Introduction
When a company defaults on its loans, a common question arises: what happens to the individuals who guaranteed those loans? In the complex world of corporate finance, a personal guarantee is a promise made by a person, often a director or promoter of the company, to be personally liable for the company’s debt if it fails to pay. Imagine a situation where a small business owner takes out a loan for their company, and to secure it, they personally promise to pay the bank back if the business goes under. This promise, this personal guarantee, is a critical safety net for the lender.
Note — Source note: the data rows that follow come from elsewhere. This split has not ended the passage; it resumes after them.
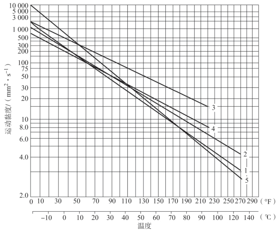 1—矿油型通用液压油;2—矿油型高黏度指数液压油;3—水包油乳化液;4—水-乙二醇液;5—磷酸酯液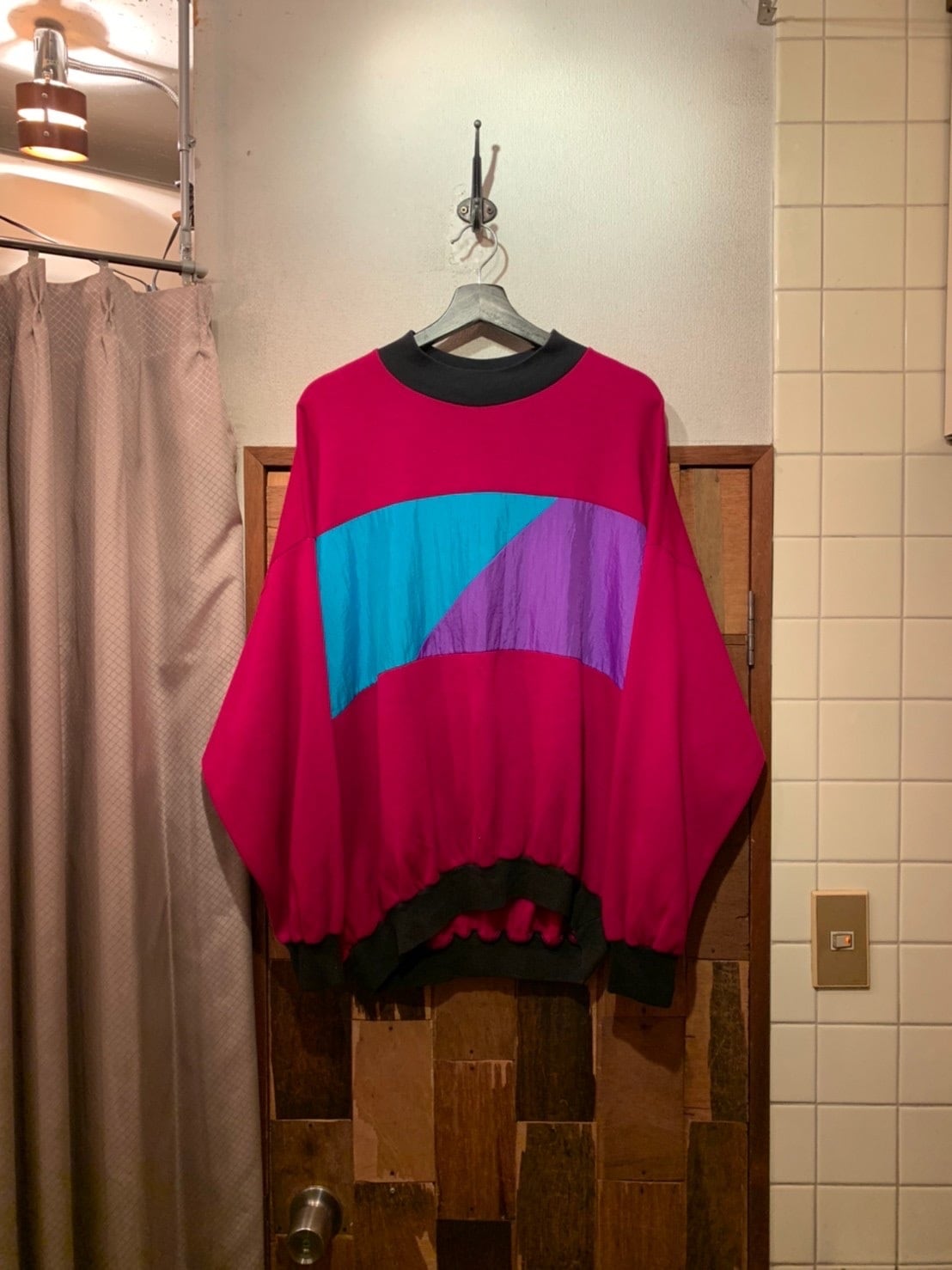 “JUMP” 80's~90's made in U.S.A multi color acrylic/nylon switch design mock-neck design sweat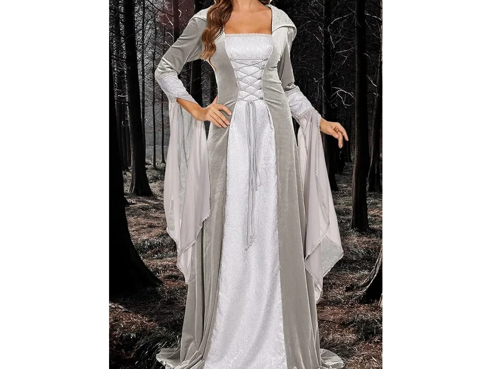 Ongeopend, ok, Halloween kostuum dames middeleeuws renaissance met capuchon kleding gothic jurk Victoriaans carnaval jurken cosplay kostuum, 2XL, B0CC2BGML5

But what happens to this promise when the company enters the IBC1 process, and a resolution plan is approved? Does the approval of the plan, which restructures the company’s debt, also wipe away the personal liability of the guarantor?
This very question lies at the heart of a significant judgement in M/s IFCI Limited VERSUS M/s ACCIL Hospitality Private Limited2 by the National Company Law Tribunal (NCLT), New Delhi Bench, presided over by Shri Manni Sankariah Shanmuga Sundaram (Hon’ble Member Judicial) and Shri Atul Chaturvedi (Hon’ble Member Technical). This decision, a pivotal one for creditors, clarifies that even after a resolution plan is approved for a corporate debtor, financial creditors can still proceed against personal guarantors as long as their rights under the guarantee are explicitly preserved. This nuanced stance challenges the notion that a clean slate for the company automatically means a clean slate for its guarantors. It’s a powerful reminder that promises made aren’t easily forgotten, even in the labyrinthine corridors of insolvency law.
This article will delve into the profound implications of this ruling. We’ll explore the subtle but crucial shift in legal interpretation, which now permits an application under Section 7 of the IBC to be filed against a corporate guarantor. We’ll also examine the critical lesson for creditors: that slumbering on one’s rights can lead to their forfeiture, even when all the cards seem to be in their favor. Furthermore, we will address key questions that the NCLT had to consider: whether the applicant qualifies as a financial creditor, if a financial debt exists as defined by Section 5(8) of the Code, and whether the approval of a resolution plan and the subsequent assignment of debt truly extinguish the liability of a corporate guarantor.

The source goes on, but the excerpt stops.